Verzicht auf Provision für Sparkassenkunden

  • Mit großem Interesse lasen wir heute in der Redaktion die Pressemitteilung des Verbraucherzentrale Bundesverbands (VZBV) zu einem Vorgehen der Sparkassen. Viele Kunden werden zur Zeit wohl angeschrieben mit der Bitte, explizit auf Vertriebsvergütungen zu verzichten. Beziehungsweise setzt ein Stillschweigen die Zustimmung voraus. Stichtag ist zumeist der 15. April.


    Bei vielen Produkten können Kunden von Provisionen profitieren: Fonds, Aktien, Anleihen. Die genannten Institute fordern nun ausdrücklich von ihren Kunden eine Verzichtserklärung, so dass die Provisionen weiter an sie fließen. Der VZBV rät zum Widerspruch oder gleich zur Kündigung und einem Wechsel des Depots, was den Kunden sogar am Ende billiger kommen könnte. Spätestens bei einer Kündigung von Seiten des Instituts ist ein Wechsel unvermeidbar.

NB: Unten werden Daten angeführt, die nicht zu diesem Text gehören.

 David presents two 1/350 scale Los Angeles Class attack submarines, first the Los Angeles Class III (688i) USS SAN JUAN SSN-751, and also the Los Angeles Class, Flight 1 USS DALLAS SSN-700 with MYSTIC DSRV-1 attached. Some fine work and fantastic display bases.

    Die generelle Rechtsauffassung ist, dass Kunden ein Anrecht auf Provisionen haben. Ein endgültiges, Klarheit schaffendes BGH-Urteil steht jedoch noch aus.


    Was denken Sie über dieses Vorgehen? Würden Sie bei der Bank bleiben, wenn sie andere Vorteile bietet? Welche Erfahrungen haben Sie mit einem Depotwechsel gemacht?

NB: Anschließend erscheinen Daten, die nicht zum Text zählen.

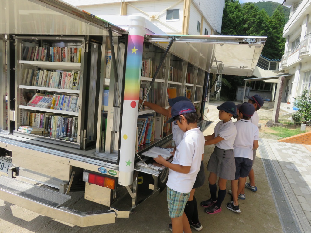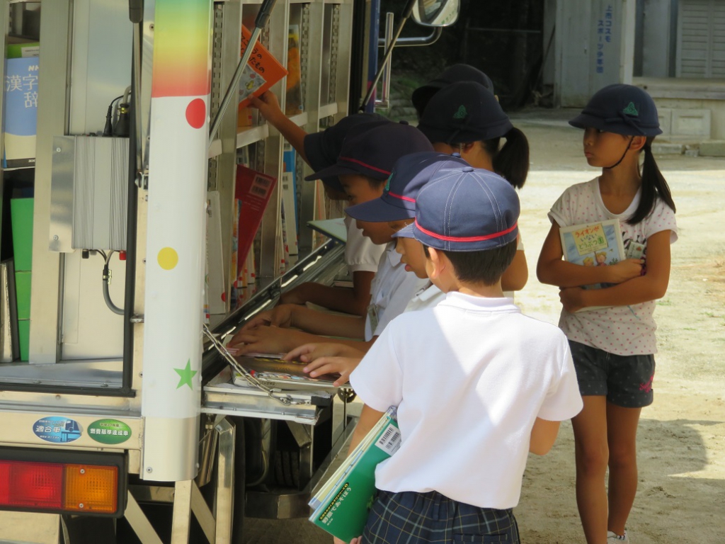 今朝、二学期最初の移動図書、「わかくさ号」がやってきました。

  • Grundsätzlich ist rechtlich sehr vieles umstritten.


    Ein Geschäftsbesorgungsvertrag ist in § 675 BGB geregelt. Und dieser verweist auf die Vorschriften zum Auftrag, geregelt in den §§ 663, 665 bis 670, 672 bis 674 BGB.

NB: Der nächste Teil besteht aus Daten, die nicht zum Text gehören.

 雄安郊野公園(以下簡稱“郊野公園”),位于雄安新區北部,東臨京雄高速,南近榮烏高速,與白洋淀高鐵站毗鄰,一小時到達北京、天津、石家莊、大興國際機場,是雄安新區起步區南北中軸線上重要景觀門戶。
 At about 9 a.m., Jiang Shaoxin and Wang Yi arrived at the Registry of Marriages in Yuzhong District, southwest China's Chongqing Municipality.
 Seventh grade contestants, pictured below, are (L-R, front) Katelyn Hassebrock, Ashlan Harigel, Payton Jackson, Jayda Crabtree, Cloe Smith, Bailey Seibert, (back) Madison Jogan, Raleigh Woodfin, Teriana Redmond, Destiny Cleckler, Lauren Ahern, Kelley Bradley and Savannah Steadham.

    Und dort findet sich auch die Vorschrift, dass der Beauftragte alles herausgeben muss, was er aus der Geschäftsbesorgung erlangt (§ 667 BGB).


    Diese Vorschrift jedoch auf den Vertrieb von Finanzprodukten anwenden zu wollen, ist schon sehr mutig.
    Das kann ein Jurist in einer Verbraucherzentrale so machen. Ob er damit durchkommt, ist äußerst fraglich.
    Keinesfalls, liebe @Franziska, kann man sagen, dass dies "generelle Rechtsauffassung" sei.


    Nach der Gegenmeinung handelt es sich beim Finanvertrieb NICHT um eine "Geschäftsbesorgung". Vielmehr findet entweder ein Verkauf oder eine Vermittlung statt.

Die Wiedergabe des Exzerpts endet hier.